Non siamo più negli anni dell’idealismo! Siamo negli anni ’80, anni in cui i giovani cercano il divertimento e Torvalds è uno studente di informatica, programmatore e hacker finalndese, ragazzo timido che si ritrova un computer regalato dal nonno. Egli si “diverte” a “smontare e costruire” facendo venir fuori una serie di istruzioni utilissime e determinanti. Il sistema operativo LINUX, nella sua prima versione, diventa il prodotto, però, di una vera e propria comunità, che fa crescere in modo esponenziale il numero di istruzioni iniziato da Torvalds, accogliente nei confronti di tutte le proposte e integrazioni. Una vera e propria “collaborazione non coordinata” di una comunità animata dalla passione del FARE, crea un prodotto fino ad allora esclusivamente industriale, riservato alle grandi aziende e oggetto di lavoro di “staff agguerriti” con costi enormi.
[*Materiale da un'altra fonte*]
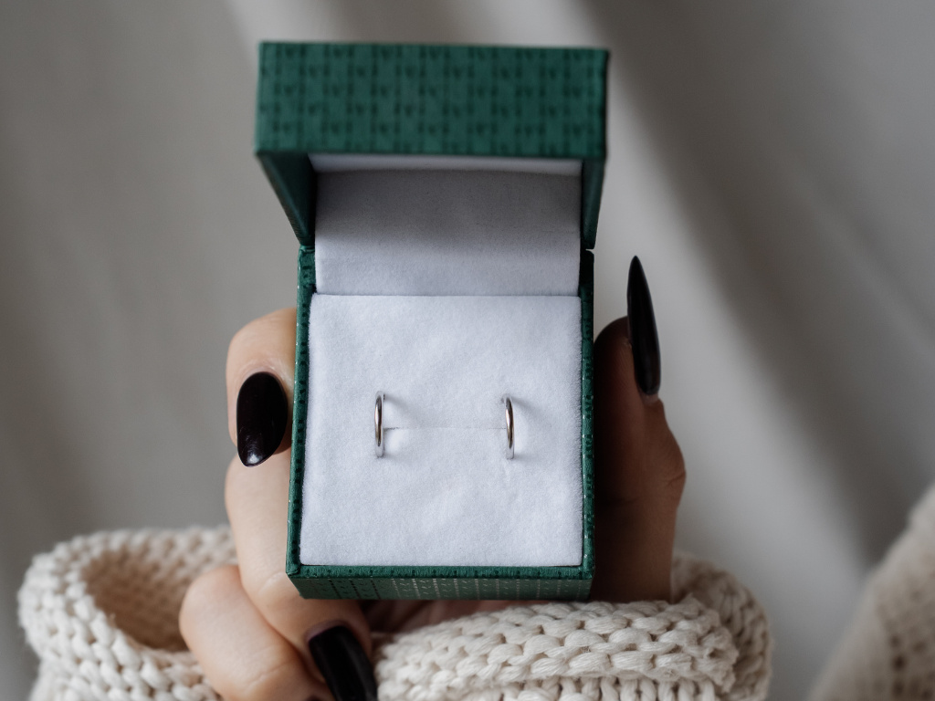 Náušnice sú vyrobené zo striebra 925/1000 a sú označené puncovou značkou rýdzosti.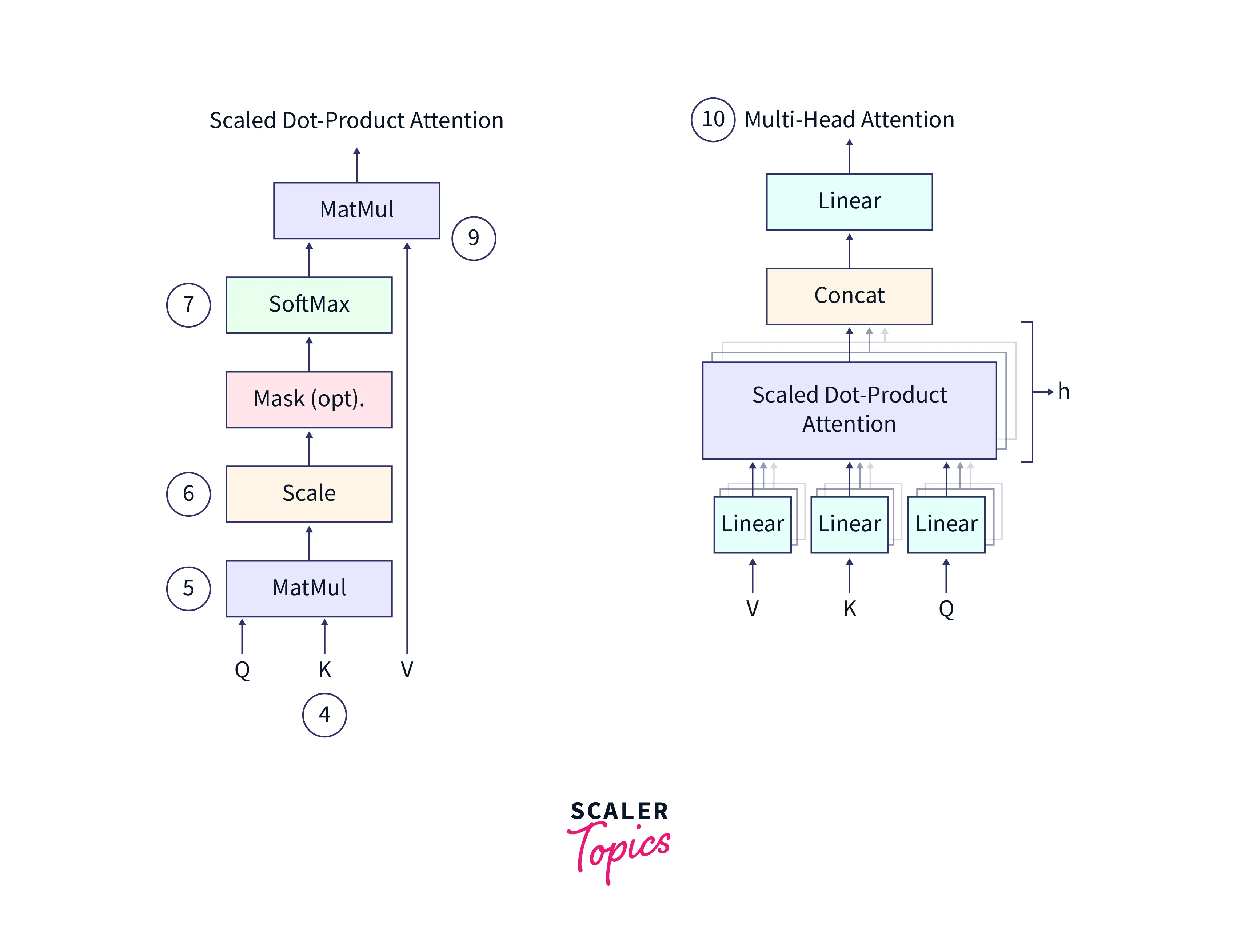 (10) The self-attention process is repeated for each word in the input sequence. Since the attention weights for each word do not depend on the other words in the sequence, multiple copies of the self-attention module can be used to process the input simultaneously, making the attention mechanism multi-headed. This allows the model to attend to different input parts and capture more complex dependencies between the input elements.

Hacker, un termine nato in un club di ricercatori desiderosi di divertirsi e di rilassarsi montando e smontando trenini, diventa NOME PROPRIO DI PERSONA, ossia termine che qualifica dei soggetti che, con impegno e genialità, hanno contribuito a far vivere la rete rendendola luogo per tutti e di tutti!

martedì 23 febbraio 2010

In bocca al lupo!

Eccomi....! Sembra tutto ok, ormai, con l'ADSL!
Il corso di Editing si è concluso ed ora è il tempo dell'esame...
...In bocca al lupo a chi sosterrà l'esame al primo appello! Io vi seguirò...devo recuperare un tratto del percorso che non voglio proprio perdermi...

mercoledì 3 febbraio 2010

Trasloco! Ohi ohi

Scusate il mio silenzio...ma sono in pieno trasloco!!!
Solo scatole...scatole...scatole!!!! Non ce la faccio più! I'm very very tired! Ora sto rubando la linea di mio fratello che, gentilmente, si è messo a disposizione. Se tutto va bene, dal 9 dovrei avere la mia ADSL...

Seminario? Tutto ok...ho el materiale che inserirò qui, ma...quando questa fatica sarà finita!

Alla prossima

PS: @Romina: grazie per i tuoi suggerimenti...problema risolto!